_Assignment_
The response should contain only the line with "2023シーズン FC岐阜応" and every line after it to the end of the listing below, duplicated exactly; no picture belongs in it.

_Given material_
·····
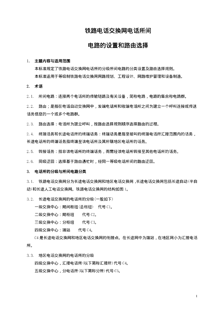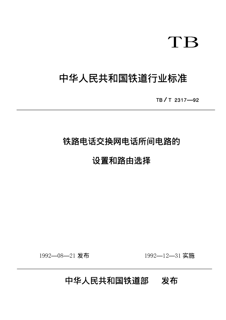 TB/T 2317-1992 铁路电话交换网电话所间电路的设置和路由选择
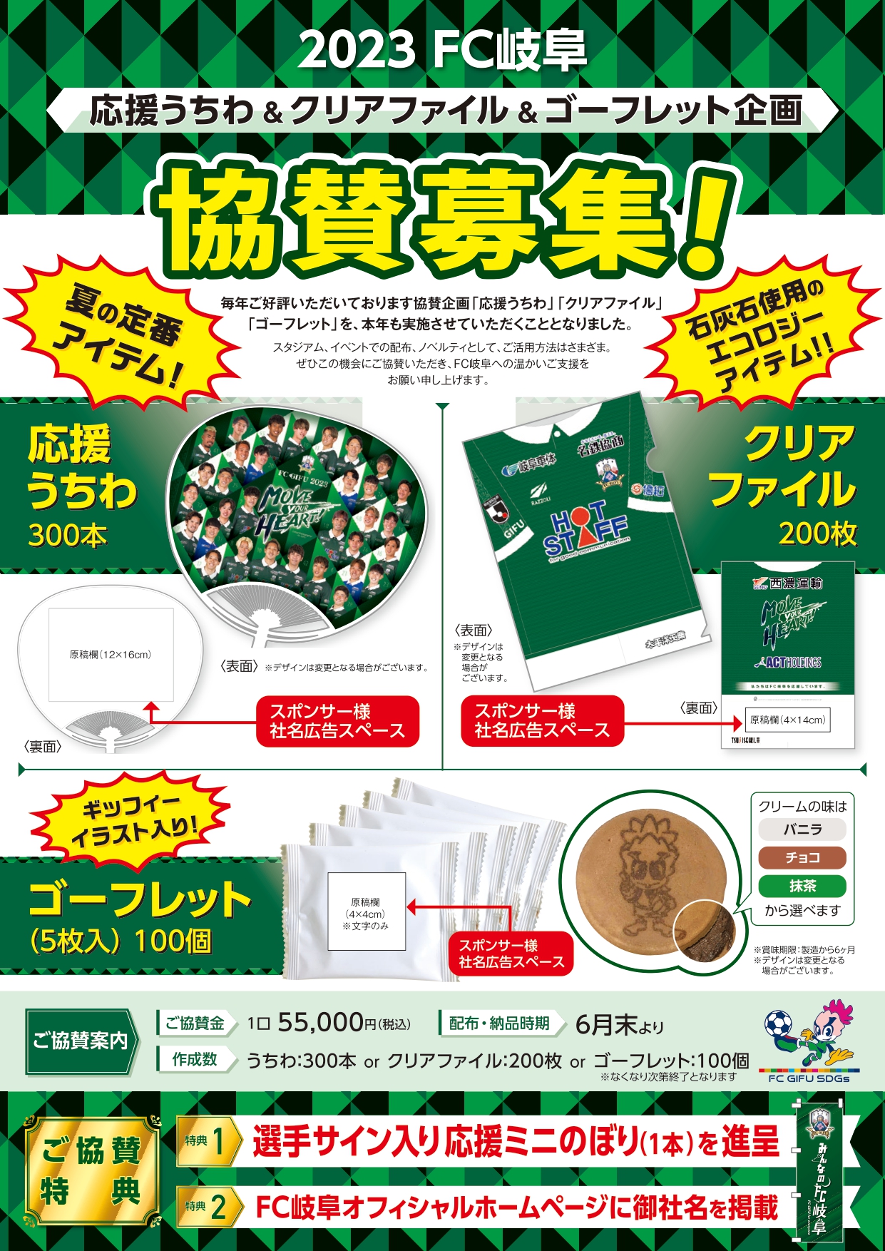 2023シーズン FC岐阜応援うちわ・応援クリアファイル・オリジナルゴーフレット企画協賛募集
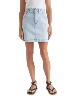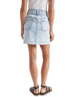With a paperbag waist and a mini length, this denim skirt speaks to sunny days ahead. Choose from multiple washes, all made with just the right amount of stretch. The skirt features classic hip pockets.
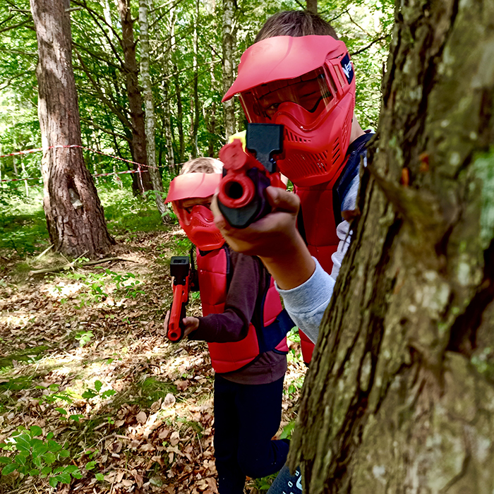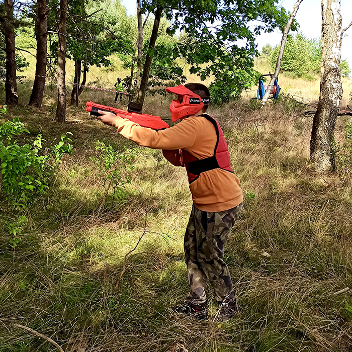 12+ lat: Gramy na leśnych polach, używamy markerów z zasilaniem powietrznym, a dzieci wyposażone są w maski Tippmann Valor oraz ochraniacze. W tym wariancie pojawiają się scenariusze taktyczne – jak ochrona VIP-a, przejęcie flagi czy zespołowy capture the base.
·····
_Answer to the exercise_
 2023シーズン FC岐阜応援うちわ・応援クリアファイル・オリジナルゴーフレット企画協賛募集
With a paperbag waist and a mini length, this denim skirt speaks to sunny days ahead. Choose from multiple washes, all made with just the right amount of stretch. The skirt features classic hip pockets.
 12+ lat: Gramy na leśnych polach, używamy markerów z zasilaniem powietrznym, a dzieci wyposażone są w maski Tippmann Valor oraz ochraniacze. W tym wariancie pojawiają się scenariusze taktyczne – jak ochrona VIP-a, przejęcie flagi czy zespołowy capture the base.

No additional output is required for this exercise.